- _WORK INSTRUCTIONS_: A verbatim copy is needed of the lines below from the one containing "Papan ukir Alqurannya" up to and including the one containing "Para mayores informes, los", excluding pictures.

- _SUPPLIED ENTRIES_:
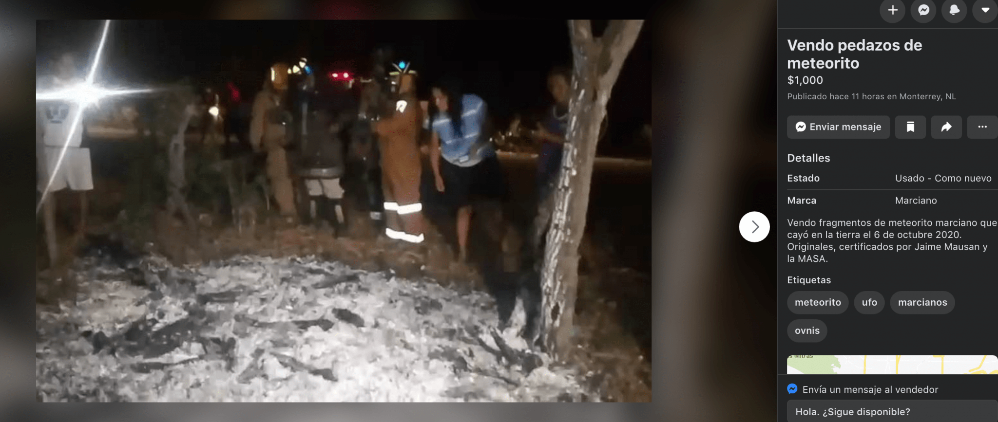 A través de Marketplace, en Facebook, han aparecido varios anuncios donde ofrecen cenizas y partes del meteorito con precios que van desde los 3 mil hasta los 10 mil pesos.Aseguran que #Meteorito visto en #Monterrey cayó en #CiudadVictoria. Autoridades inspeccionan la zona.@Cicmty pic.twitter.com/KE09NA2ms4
...
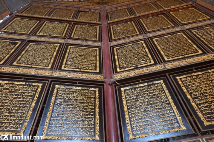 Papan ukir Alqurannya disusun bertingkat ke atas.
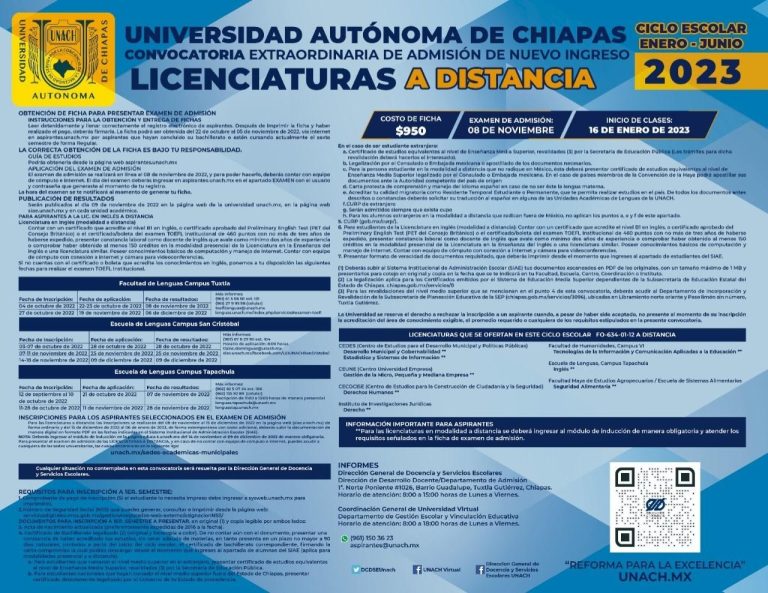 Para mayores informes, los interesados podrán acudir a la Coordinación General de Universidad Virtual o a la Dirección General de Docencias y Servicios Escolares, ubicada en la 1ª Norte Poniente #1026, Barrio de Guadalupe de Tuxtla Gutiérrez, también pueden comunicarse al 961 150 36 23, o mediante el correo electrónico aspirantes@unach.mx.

- _TASK RESPONSE_:
 Papan ukir Alqurannya disusun bertingkat ke atas.
 Para mayores informes, los interesados podrán acudir a la Coordinación General de Universidad Virtual o a la Dirección General de Docencias y Servicios Escolares, ubicada en la 1ª Norte Poniente #1026, Barrio de Guadalupe de Tuxtla Gutiérrez, también pueden comunicarse al 961 150 36 23, o mediante el correo electrónico aspirantes@unach.mx.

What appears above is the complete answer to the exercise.